# '95 Dunhill early morning pipe



## JPH (Jun 30, 2006)

Smoked some of this first thing in the morning with some fresh roasted Nicaraguan coffee.....

I must say, it is really subtly flavored... a nice mild smoke ..... good amount of sweetness... and a touch of vintage flavor at 12 years old.... definite awesome morning smoke...go figure


----------



## JAK (Oct 10, 2007)

I used to smoke quite a bit of EMP, but mine was from 2005 or 2006, and I have heard the manufacturer for Dunhill has changed in the last 10 years or something. Is the '95 very different from the current EMP, other than that it has aged? Is it better in your opinion?


----------



## JPH (Jun 30, 2006)

JAK said:


> I used to smoke quite a bit of EMP, but mine was from 2005 or 2006, and I have heard the manufacturer for Dunhill has changed in the last 10 years or something. Is the '95 very different from the current EMP, other than that it has aged? Is it better in your opinion?

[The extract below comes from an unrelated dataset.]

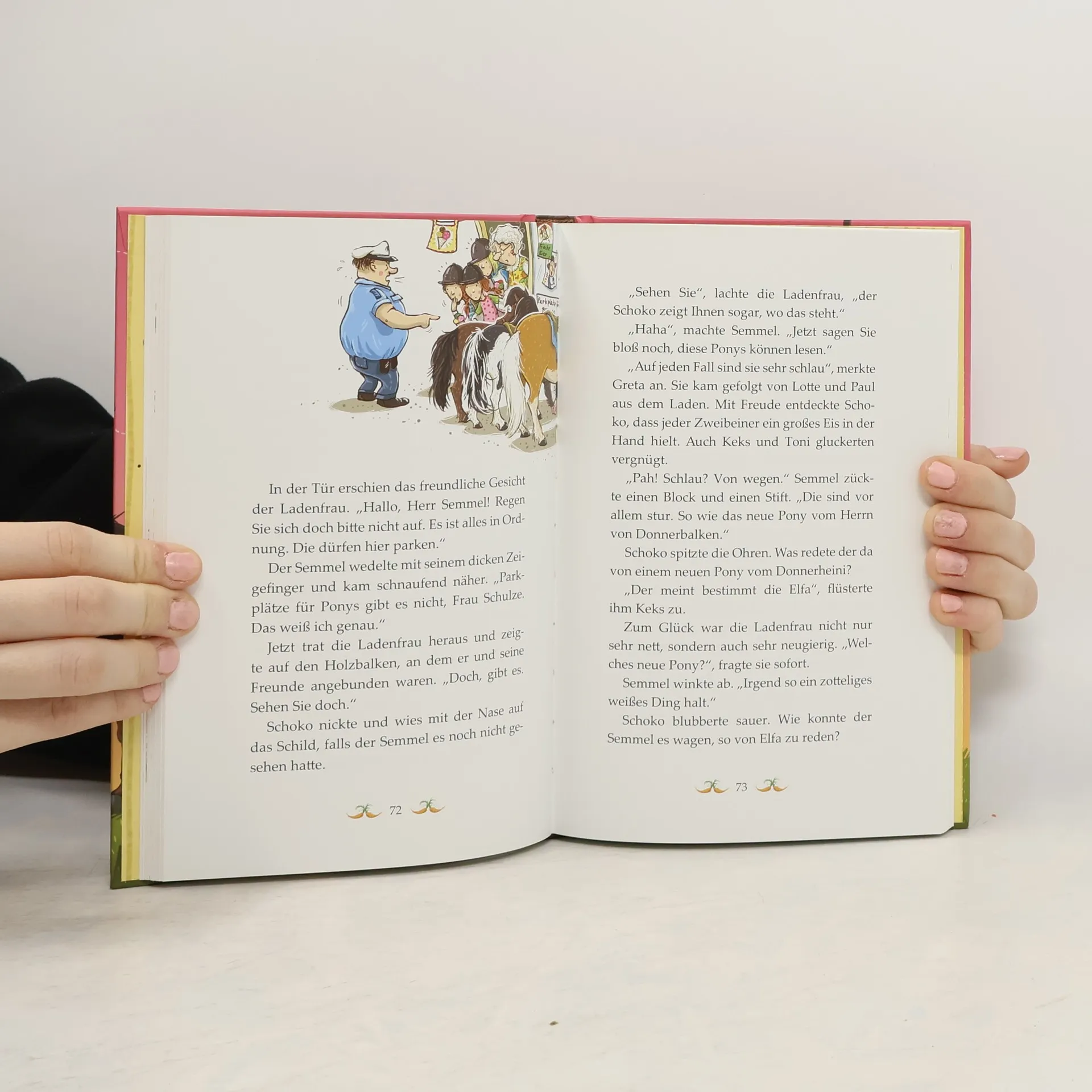 Wer ist denn DAS? Schoko traut seinen Augen kaum. Ausgerechnet auf dem Gestüt Donnerbalken ist ein neues Pony eingezogen. Oder genauer gesagt ein ziemlich nettes Ponymädchen … Elfa heißt sie und kommt von ziemlich weit her. Komisch nur, dass es Schoko plötzlich gar nicht gut geht. Er fühlt sich ziemlich wackelig auf den Hufen und sein Ponybauch grummelt ganz merkwürdig – er wird doch nicht etwa krank sein?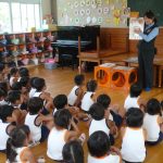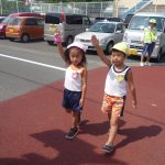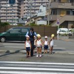 9月5日(水)は幼稚園に婦警さんがきたよ。横断歩道では「右見て、左見て、もう一度右見て」安全を確認。教わった交通ルールを忘れずに守るよ!!

never had the current EMP..... but I know the blend was the same because this tin didnt have the royal warrent(like from the 80's) on it.... I'm going to get some current EMP and see if age is a factor.


----------



## JAK (Oct 10, 2007)

The reason I ask is that I often hear people say that the "old" dunhill is superior to the "new" dunhill. I liked EMP, but nightcap is one of my favorites, and I have always wondered if it was worth it to seek out "old" nightcap, because if it was better it would have to be mind-blowingly good


----------



## IHT (Dec 27, 2003)

i'm not a dunhill fan, but i think the "royal warrant" and "murrays" are two different things. 
Murrays, i believe (as i'm no expert on dunhill tobacs), is from the mid 90s to early 00's. 
recently, Orlik has taken over their production, i think in '04, but i'm not totally sure.

bruce, who reads up on the dating of these hard to find tins, may have more accurate info, maybe a link that we can all learn from as well.


----------



## Bruce (Dec 31, 1999)

Here's a couple of links:

http://www.loringpage.com/attpipes/duntobac.htm

http://www.loringpage.com/attpipes/tobdatepaper.html

edit IHT - for some reason, the 2nd link won't work unless the "l" is in "HTML"?? so, that's the edit, added the "l".


----------



## JAK (Oct 10, 2007)

Thanks Bruce, thats exactly what I was looking for. Sorry about the thread jacking.


----------



## JohnnyFlake (May 31, 2006)

For what it's worth, Murray's stopped producing Dunhill Blends around mid-year of 2003. Orlick then took over the production of the Dunhill Blends with the exception of a few. I don't recall exactly which ones they did not continue. Orlick was given the exact recipes for the Dunhill Blends, but many Dunhill Whores, including myself, feel that the Orlic blends are simply not the same. Yes, they are close, but they are not the same and they age very differently. The reason, as I have been told by others who have researched the issue, is that Orlic obtains it's tobaccos from different suppliers than Murry used, grown in other areas. Therefore the tobaccos, although the very same seed is used, are different, because of the soil factor. Think of it this way, the tobacco produced from Cuban seed, used to grow a specific tobacco in Cuba, will taste different than that same exact seed used to grow tobacco in Honduras. 

From what I've heard, Orlic is in the process of down sizing it's production of Dunhill Tobaccos overall, and will discontinue a number of the less popular Dunhill Blends.


----------



## JPH (Jun 30, 2006)

JAK said:


> The reason I ask is that I often hear people say that the "old" dunhill is superior to the "new" dunhill. I liked EMP, but nightcap is one of my favorites, and I have always wondered if it was worth it to seek out "old" nightcap, because if it was better it would have to be mind-blowingly good


I have "old" nightcap with the RW... it's damn good.... BUT I have never had new nightcap so......lol

I like to do things backwards......


----------



## ToddziLLa (Oct 17, 2005)

JPH said:


> I have "old" nightcap with the RW... it's damn good.... BUT I have never had new nightcap so......lol
> 
> I like to do things backwards......


I have two tins of the new stuff we can try this weekend bro. Might even trade you straight up if you are that curious. :r


----------